Koch SE, Bodi I, Schwartz A, Varadi G (Institute of Molecular Pharmacology and Biophysics, University of Cincinnati, College of Medicine, Cincinnati, Ohio 45267-0828, USA)
IN:
J Biol Chem
2000; 275(44):34493-34500
Impact Factor(s) of J Biol Chem: 6.355 (2004), 6.482 (2003), 7.258 (2001)
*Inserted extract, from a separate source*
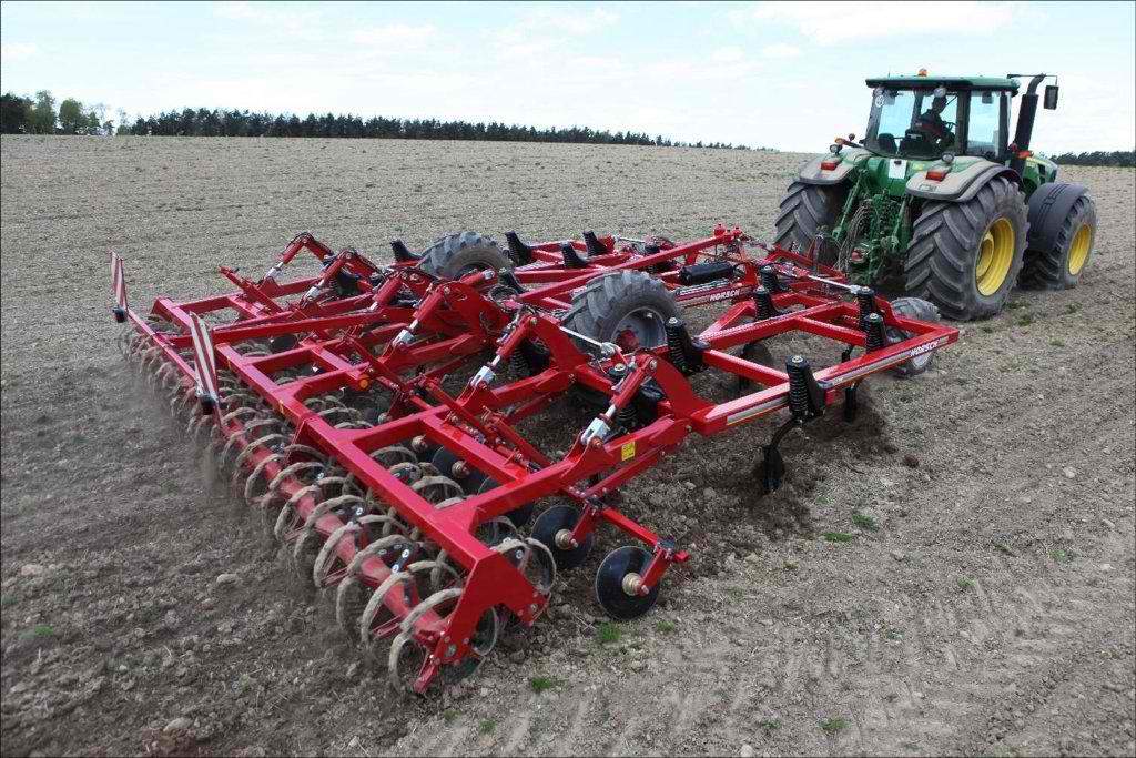 Avec un interrang de 28 cm, le mélange des résidus serait intensif et efficace, l'émiettement de la terre assuré. Le sol serait respecté car l'angle d'attaque de 35° permet de travailler par soulèvement sans le presser d'après le constructeur allemand.

ABSTRACT: The cysteine accessibility method was used to explore calcium channel pore topology. Cysteine mutations were introduced into the SS1-SS2 segments of Motifs I-IV of the human cardiac L-type calcium channel, expressed in Xenopus oocytes and the current block by methanethiosulfonate compounds was measured. Our studies revealed that several consecutive mutants of motifs II and III are accessible to methanethiosulfonates, suggesting that these segments exist as random coils. Motif I cysteine mutants exhibited an intermittent sensitivity to these compounds, providing evidence for a beta-sheet secondary structure. Motif IV showed a periodic sensitivity, suggesting the presence of an alpha-helix. These studies reveal that the SS1-SS2 segment repeat in each motif have non-uniform secondary structures. Thus, the channel architecture evolves as a highly distorted 4-fold pore symmetry.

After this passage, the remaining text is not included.